Here’s what you need to know about plastic straws and their impact on the environment.
How many plastic straws are out there?
There are an estimated 7.5 million plastic straws on America’s shorelines alone, which has led scientists to believe there could be 437 million to 8.3 billion plastic straws on coastlines across the entire world.
And that number could be growing since Americans use 500 million single-use straws every single day.
Why are plastic straws a problem?
Although these plastic straws should technically be recyclable, in reality, they aren’t. Often, most plastic straws are too lightweight to make it through a mechanical recycling sorter, according to Lonely Whale. As a result, they contaminate recycling loads.
Sometimes, it’s due to human error, as straws are small and easily left behind or littered, or even get blown out of trash cans.
How do plastic straws affect marine life?
When they do reach the ocean, straws never completely break down. They turn into microplastics rather than completely biodegrading, which poses a huge threat to ocean life.

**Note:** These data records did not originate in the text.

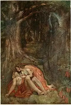 - The kings daughter and the hermits son are therefore married, and the bride strive to forget the ominous prophesy; but as the last day approaches her anxiety becomes irrepressible. She exhausts herself in prayers and penances, hoping to stay the hand of the destroyer; yet all the while dares not reveal the fatal secret to her husband. As the last dreaded day arrives, and Satyavan sets out to cut in the forest. His wife asks leave to accompany him, but with a heavy heart. Satyavan soon makes the wood resound with his hatchet, when suddenly through his temples shoots a thrill of agony, and feeling himself falling he calls out to his wife to support him.
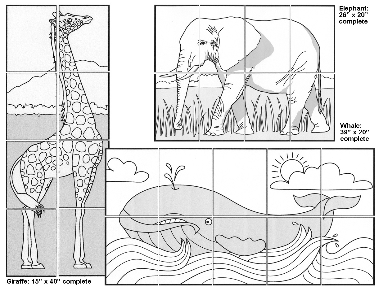 This mini mural set is made of a smaller version of each of my three large animals. I’ve included color guides for realistic results, or you can of course make up your own design. Click HERE to view the blank templates and finished dimensions.You can purchase my pdf file with instructions and color guide for just $5. Click the “Add to Cart” button to make your payment via Paypal and receive immediate download instructions. Warning: Download links will expire. Always save your pdf files immediately upon purchase.
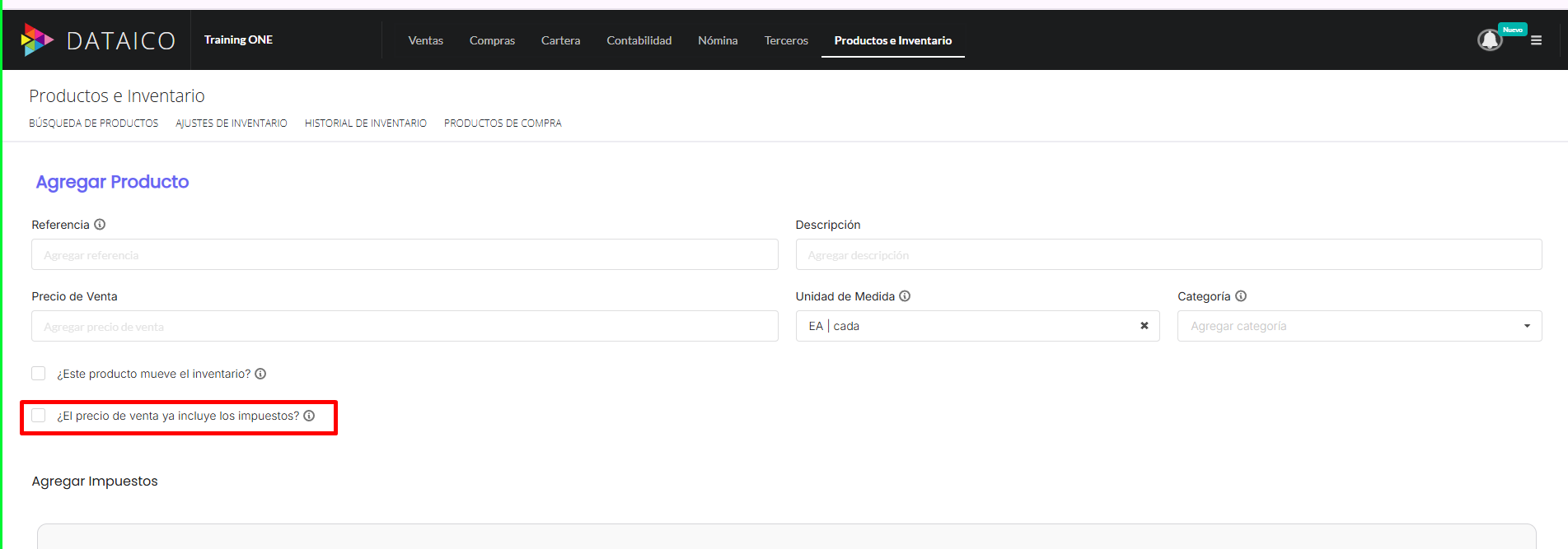 - Si el producto incluye IVA, selecciona el impuesto correspondiente.
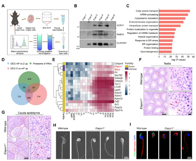 为探究顶体发生过程中PAV融合的关键调控因子,研究团队从成年小鼠圆形精子中分离PAVs,通过蛋白质组学分析鉴定到一个新的睾丸中高表达的膜蛋白ELAPOR1。功能研究显示,Elapor1敲除雄性小鼠完全不育,精子呈现头部异常、顶体缺失、运动能力下降、线粒体鞘结构紊乱等表型,这与人类不育症中的圆头精子症(Globozoospermia)的病理特征相似,说明ELAPOR1在顶体发生中具有重要功能。
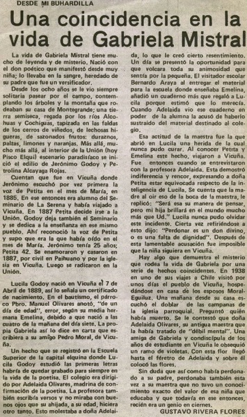 Una coincidencia en la vida de Gabriela Mistral [artículo] Gustavo Rivera Flores.
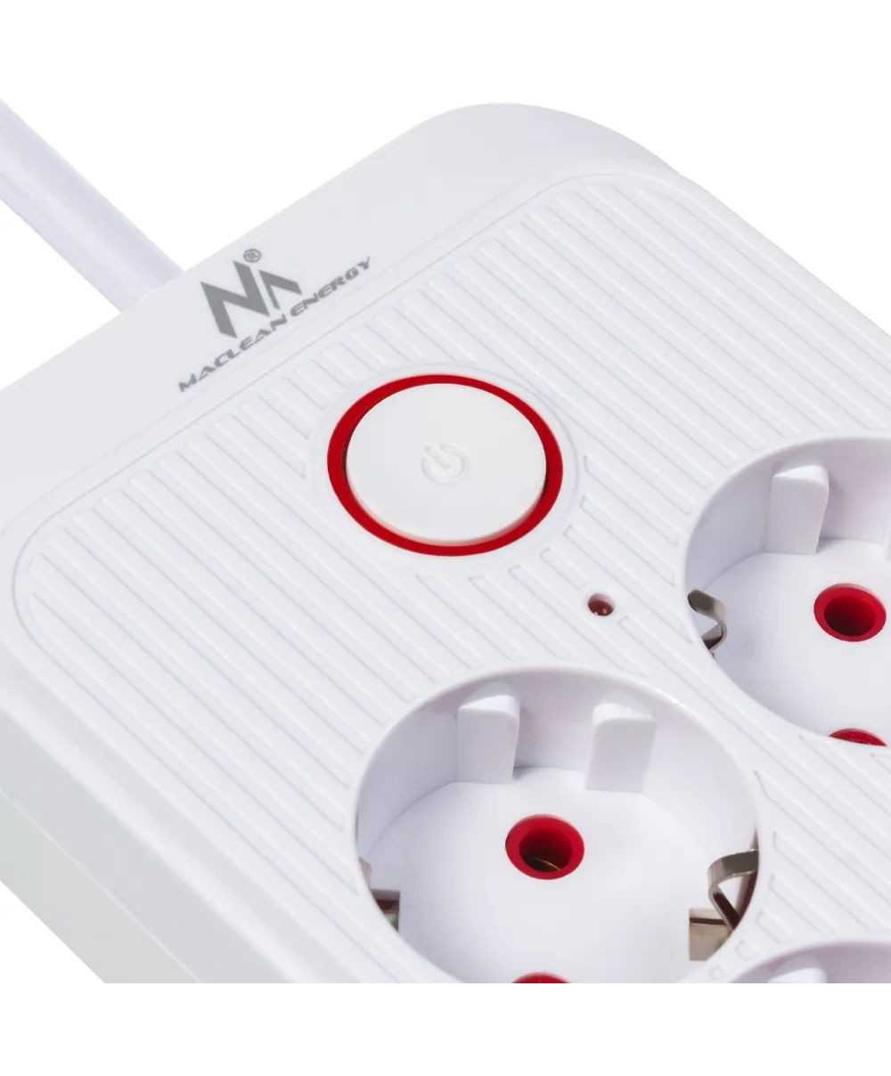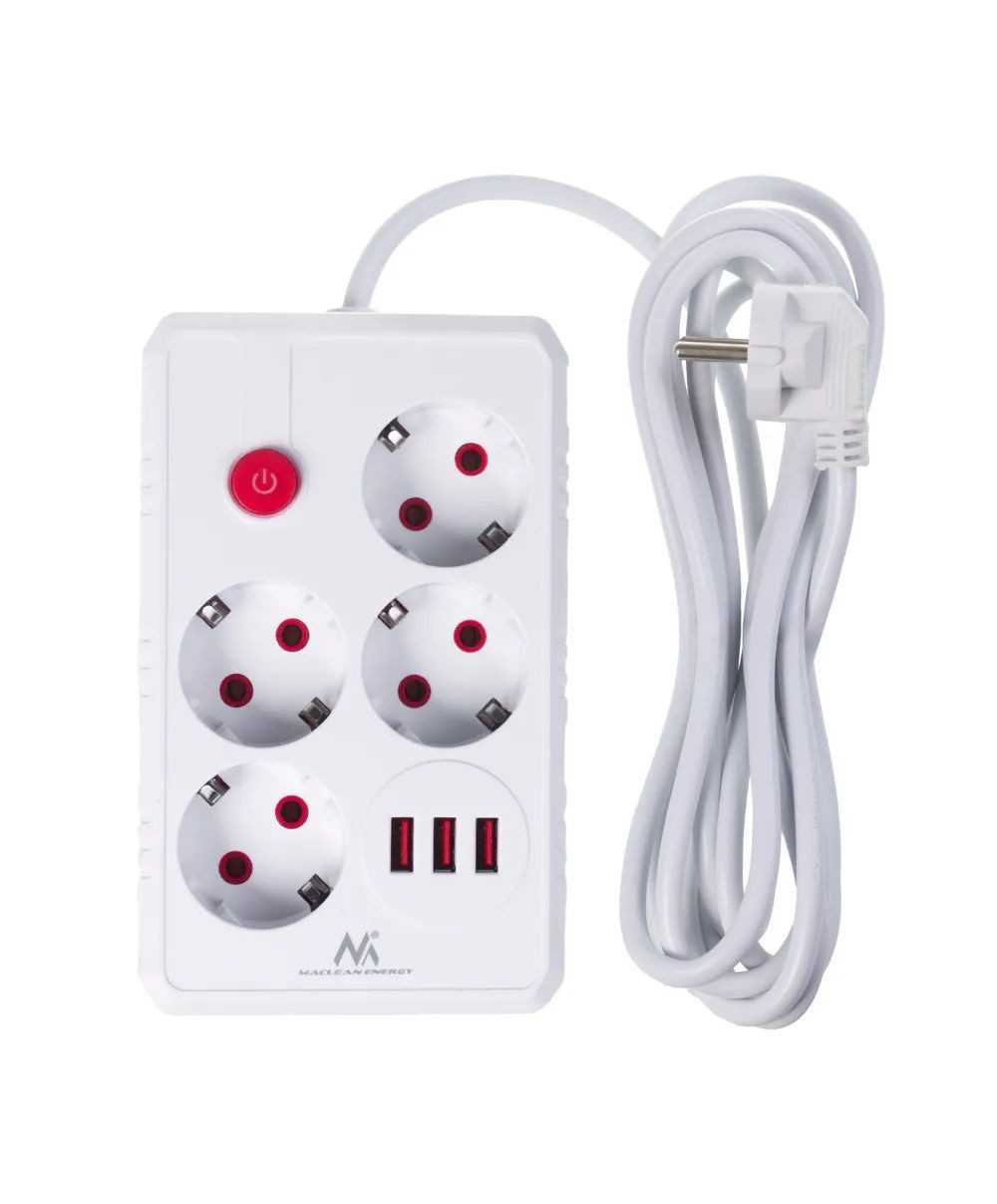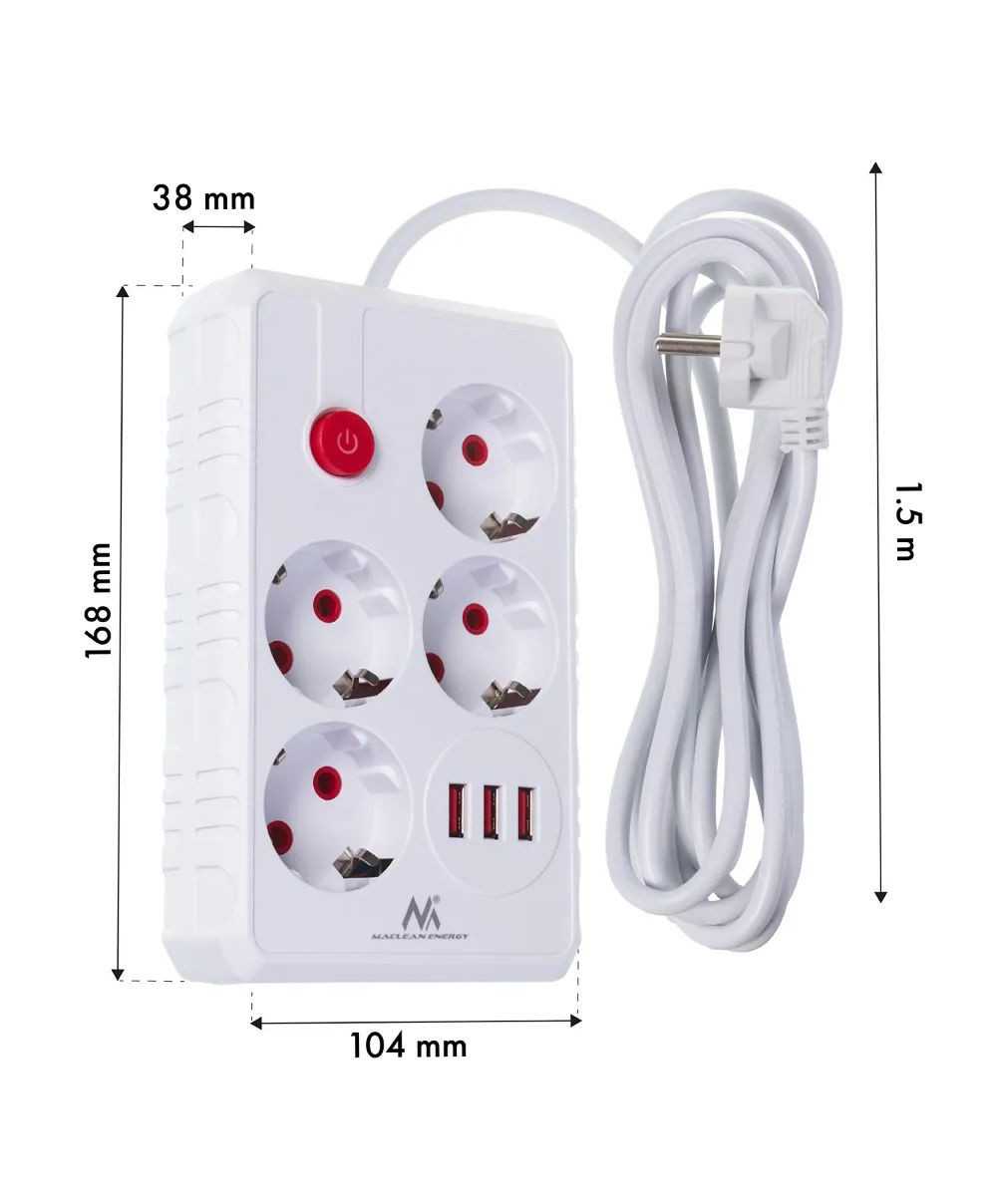 - Tehnične specifikacije: - Število vtičnic: 4 - Vrsta vtičnice: F (šuko) - Vrsta vtiča: unischuko (univerzalni) - Število USB vrat: 3 USB vrata tipa A (2,1 A, 5 V DC) - Največja obremenitev: 2500 W - Napetost: 110–240 V AC - Dolžina kabla: 1,5 m - Specifikacija kabla: 3x0,75m2, 227 IEC 53 (RVV), 300/500V - Položaj vtičnice: kot 45° - Stikalo: rdeč gumb z vijolično osvetlitvijo - Material ohišja: plastika - Dimenzije ohišja: 168 x 104 x 39 mm - Razmik med montažnimi luknjami: 128 mm - Barva: bela - Garancija 12 mesecev - Varnostna slika izdelka- Info proizvajalca / Odgovorna oseba EU - Euroelectronics.eu Sp. z o. k., Korfantego 7, 42-600, Poland, sklep@centrumelektroniki.pl
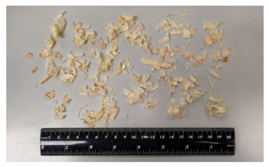 The first experiment was conducted on 31 May 2019, under low flow conditions. The content of this experiment includes aerial photographs of UAVs at take-off heights of 9 m, 12 m, and 15 m, terrestrial fixed photographs, and flow meter measurements. In addition, different numbers of artificial particles (i.e., wood shavings) were soaked in water before introducing them into the flow at the same time to change the density of artificial particles flowing on the water surface using 1.5 kg per minute, 3.0 kg per minute, and 4.5 kg per minute. Figure 4 shows the shape and dimension of wood shavings used in the experiments. The area of wood shavings ranges from approximately 0.25 to 6 cm2.

And straws are often mistaken as food by sea creatures such as birds, turtles and fish, which can often lead to suffocation and death.
71% of seabirds and 30% of turtles have been found with plastic in their stomachs (or in their nose, like that poor turtle). And marine life has a 50% mortality rate after ingesting plastic. In other words, they have a 50-50 chance of dying.
It’s estimated that by the year 2050, we’ll have more plastic in the ocean than fish, because as ocean scientist Sherry Lippiatt, California regional coordinator for National Oceanic and Atmospheric Administration’s marine debris program, told the Chicago Tribune, “for every pound of tuna we’re taking out of the ocean, we’re putting two pounds of plastic in the ocean.” (Of course, straws aren’t the only source of plastic in the ocean. Plastic bags, single-use plastics like water bottles, and more contribute to the problem.)
What are some straw alternatives?
Starbucks has begun introducing a sippy-cup lid as they work toward nixing single-use plastic straws in the coming years (although some argue these lids are just as hard to recycle as their straw predecessors).
Last week, we announced that we'll be removing plastic straws from our stores globally by 2020. You've asked a lot of questions—and we have answers for you! pic.twitter.com/dHhy9FsY6w— Starbucks Coffee (@Starbucks) July 20, 2018
Other straw alternatives include paper straws–which still produce waste but are less harmful than plastic–these biodegradable silicone straws.
There are also stainless steel straws, which are currently the front runner as an alternative despite the risk of heating up when used with hot drinks. Steel straws are easy to stow away, reuse and clean.
And most of us (some in the disabled community do need to use straws to ingest liquids) can just forgo straws altogether.